The Advanced Photon Source is developing a suite of new X-ray beamlines to study materials and devices across many length scales and under real conditions. One of the flagship beamlines of the APS upgrade is the In Situ Nanoprobe (ISN) beamline, which will provide in situ and operando characterization of advanced energy materials and devices under varying temperatures, gas ambients, and applied fields, at previously unavailable spatial resolution and throughput. Examples of materials systems include inorganic and organic photovoltaic systems, advanced battery systems, fuel cell components, nanoelectronic devices, advanced building materials and other scientifically and technologically relevant systems. To characterize these systems at very high spatial resolution and trace sensitivity, the ISN will use both nanofocusing mirrors and diffractive optics to achieve spots sizes as small as 20 nm. Nanofocusing mirrors in Kirkpatrick–Baez geometry will provide several orders of magnitude increase in photon flux at a spatial resolution of 50 nm. Diffractive optics such as zone plates and/or multilayer Laue lenses will provide a highest spatial resolution of 20 nm.
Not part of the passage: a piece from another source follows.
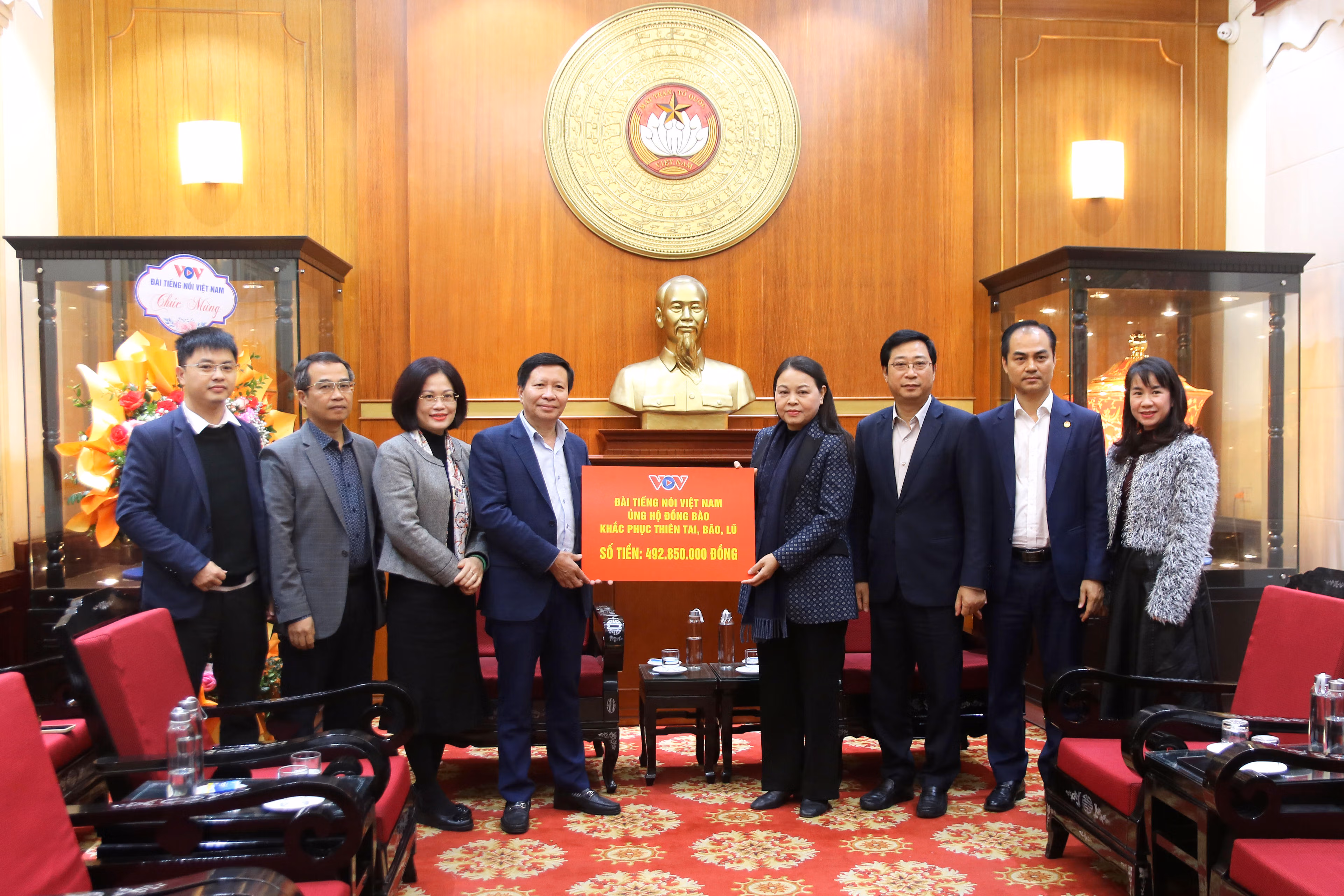 Ngày 19/11, bà Nguyễn Thị Thu Hà, Ủy viên Trung ương Đảng, Phó Chủ tịch - Tổng Thư ký UBTƯ MTTQ Việt Nam đã tiếp nhận ủng hộ đồng bào khắc phục thiệt hại do thiên tai, bão lũ từ Đài Tiếng nói Việt Nam (VOV) số tiền 492,85 triệu đồng.

Coherent diffraction methods will be used to study even small specimen features with sub-10 nm relevant length scale. A high-throughput data acquisition system will be employed to significantly increase operations efficiency and usability of the instrument. The ISN will provide full spectroscopy capabilities to study the chemical state of most materials in the periodic table, and enable X-ray fluorescence tomography. In situ electrical characterization will enable operando studies of energy and electronic devices such as photovoltaic systems and batteries. We describe the optical concept for the ISN beamline, the technical design, and the approach for enabling a broad variety of in situ studies. We furthermore discuss the application of hard X-ray microscopy to study defects in multi-crystalline solar cells, one of the lines of inquiries for which the ISN is being developed.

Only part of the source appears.